In the meantime, the exon–intron boundaries commonly covered by WES already allow at least a glimpse into the realm of non-coding variants. Indeed, the systematic Solve-RD re-analysis top-listed a single heterozygous intronic variant in the POLR3A gene (NM_007055.3(POLR3A):c.1909T>A: c.1909+22G>A, p.Tyr637Cysfs*14) that had recently been shown to be a frequent cause of spastic ataxia [8] in trans with a second loss-of-function POLR3A variant in an unsolved adult patient with a spastic ataxia phenotype. No second coding POLR3A variant was identified. However, a variant in intron 7 of the POLR3A gene was discovered in the WES data (NM_007055.3(POLR3A): c.1048+5G>T). RT-PCR from whole blood revealed an aberrant transcript that was absent in controls. Specific amplification and sequencing demonstrated the inclusion of all 177 bp of intron 7 into the final mRNA transcript. On protein level, this change is predicted to insert 23 amino acids coded by intron 7, followed by a stop codon (p.Phe352_Arg353ins(23)Ter) (Fig. 1C).

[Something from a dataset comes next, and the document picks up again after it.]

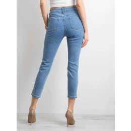 Modré dámske nohavice s dierami .
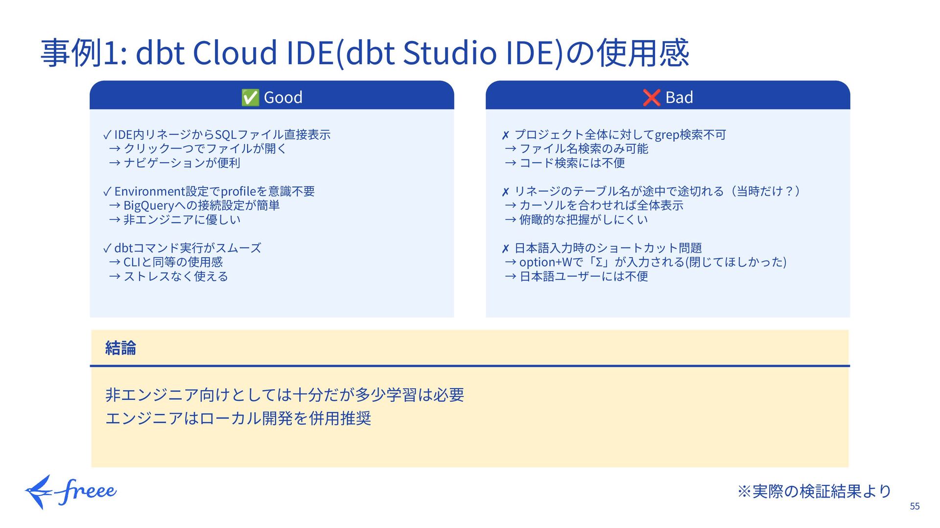 40. 55 ※実際の検証結果より 事例1: dbt Cloud IDE(dbt Studio IDE)の使⽤感 ✅ Good

Finding novel variations through novel omics

Scientific rationale drives application of novel-omics technologies in Solve-RD. From the large variety of different omics technologies that will be used by SOLVE-RD, we here present the example of long-range WGS for ataxias, which has just been initiated. For ataxias >25% of all autosomal-dominant and >50% of all autosomal-recessive ataxia patients remain unsolved despite advanced WES analysis [9]. Ataxias are unique in so far as repeat expansions represent the most frequent disease cause. Seventy-five percent of all known autosomal-dominant ataxia cases and 50% of all known autosomal-recessive ataxia cases are caused by repeat expansions [10]. We thus hypothesize that a substantial share of repeat-expansion disorders is still to be found in the large share of still unsolved WES-negative ataxia cases. Therefore, in Solve-RD we will be using long-range WGS in family ‘triplets’ from autosomal-dominant ataxia families, which will be stringently enriched for novel repeat-expansion disorders: namely only families negative not only on WES and frequent SCA repeats, but also on short-read WGS and for which DNA from >2 affected and >2 non-affected family members are available. In a first round of submission, 20 families with 44 ‘slots’ have been submitted and we are awaiting data in 2021.

Conclusion

This viewpoint presents and exemplifies the approach being taken by Solve-RD to diagnostically solve unsolved RND. While re-analysis so far succeeded in 29% of cases, scientifically rational ‘beyond the exome’ approaches are being implemented to further unravel new RND causing genes.